We had a good, if not heat, gathering on the website of our stolen Jackie Robinson statue. Thanks to everybody who got here out. It was good to be collectively, and particularly to see a good variety of our children and gamers. I really like them. pic.twitter.com/3jHwUYfJJS
— Bob Lutz (@boblutz) January 27, 2024
Lutz additionally acquired phrases of encouragement from Bob Kendrick, president of the Negro Leagues Museum in Kansas City, Mo., who had visited League 42 in 2022 and brought a image with the Robinson statue. “We got your back,” Kendrick informed him.
“They’re doing tremendously valuable work in opening up opportunities for kids of all colors to play this game, which is something that the museum has as part of its mission,” Kendrick stated. “We’re here to preserve a precious piece of baseball americana and its past. We also have an important role in helping grow our game.”
The lack of the statue, Kendrick stated, can function an unlucky reminder of the hatred that also persists in society.
“With progress,” Kendrick stated, “comes that tendency to forget.”
In 2021, locals in Cairo, Ga., found a historic marker commemorating the place of Robinson’s beginning had been peppered with hearth from a shotgun. Authorities noticed heightened injury around the phrases “Negro American” and “baseball’s color barrier.” Major League Baseball responded with a $40,000 reward to the Georgia Historical Society, permitting for a new marker and an endowment fund in Robinson’s title.
In Wichita, whereas police proceed their seek for the perpetrators behind the theft, the neighborhood continues to rally behind the group.
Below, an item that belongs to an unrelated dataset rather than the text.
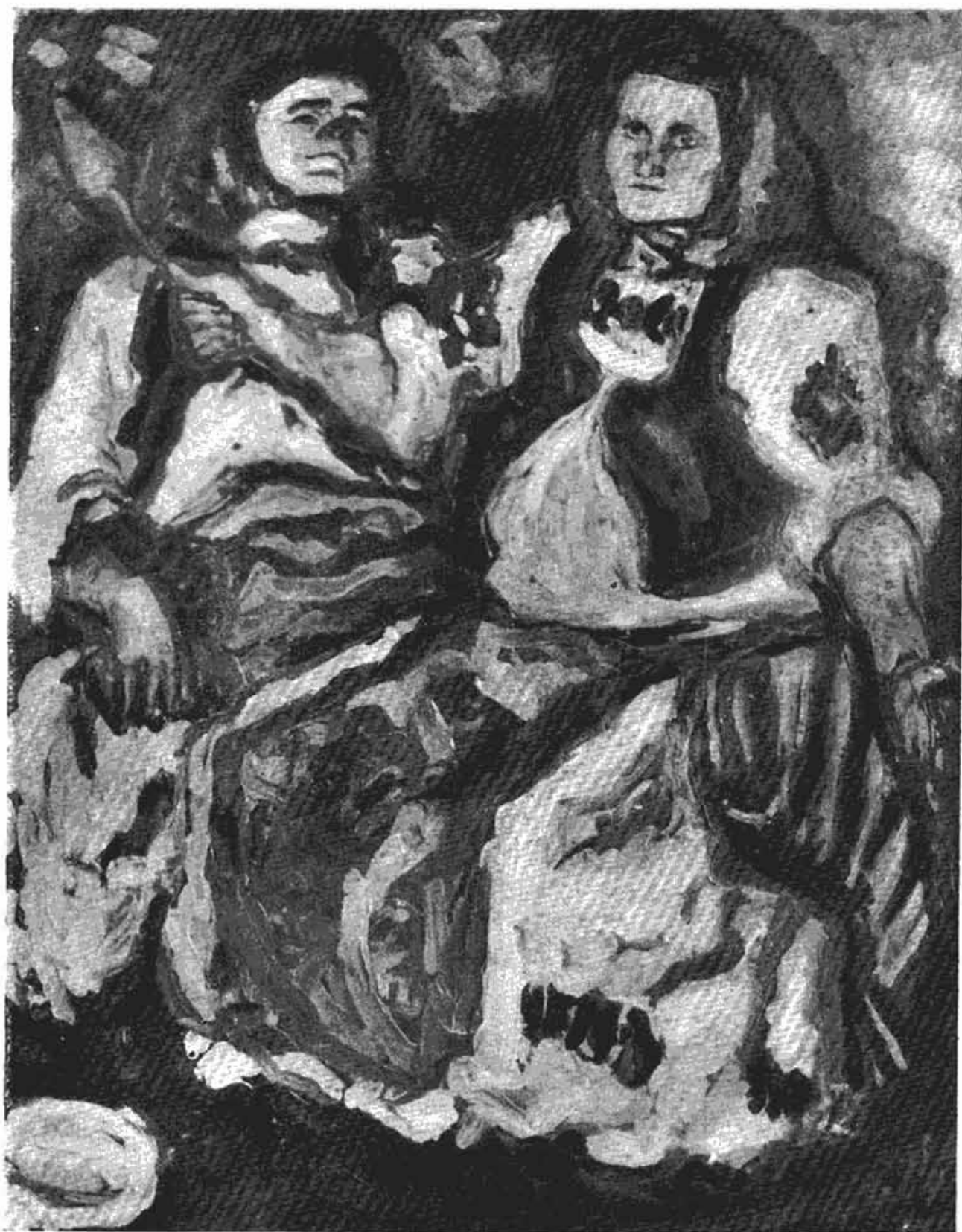
Сл. 8 — Зора Петровић: Композиција (1953 г.)

It has left Lutz emotionally overwhelmed in a totally different approach.
Observing from afar, Kendrick notes the parallels between League 42 and the person it honors.
“You can steal the statue, but you cannot steal the spirit of what Jackie represented,” Kendrick stated. “I think what you’re seeing from the public at large is a Jackie Robinson-like resolve for good to overcome evil. And so every time that you’re ready to give up on humanity — and we know we can’t give up on humanity — humanity steps up to the plate and reminds us of what we already know: There are more good people than bad people. Always has been, always will be.”
Since the theft of the statue, Lutz has been offering fixed updates on his Facebook web page. In a put up Tuesday, he vented concerning the unknowable motives behind those that stole and burned the statue. Why did they do it? Have they felt any regret? Do they know of Jackie Robinson and why he stays such a poignant image of hope?
“I hope to learn more about the perpetrators in the coming days,” Lutz wrote. “If they were brought into my office at the Leslie Rudd Learning Center, I would not be angry. I would ask them the questions I’ve posed here. And I hope I would listen.”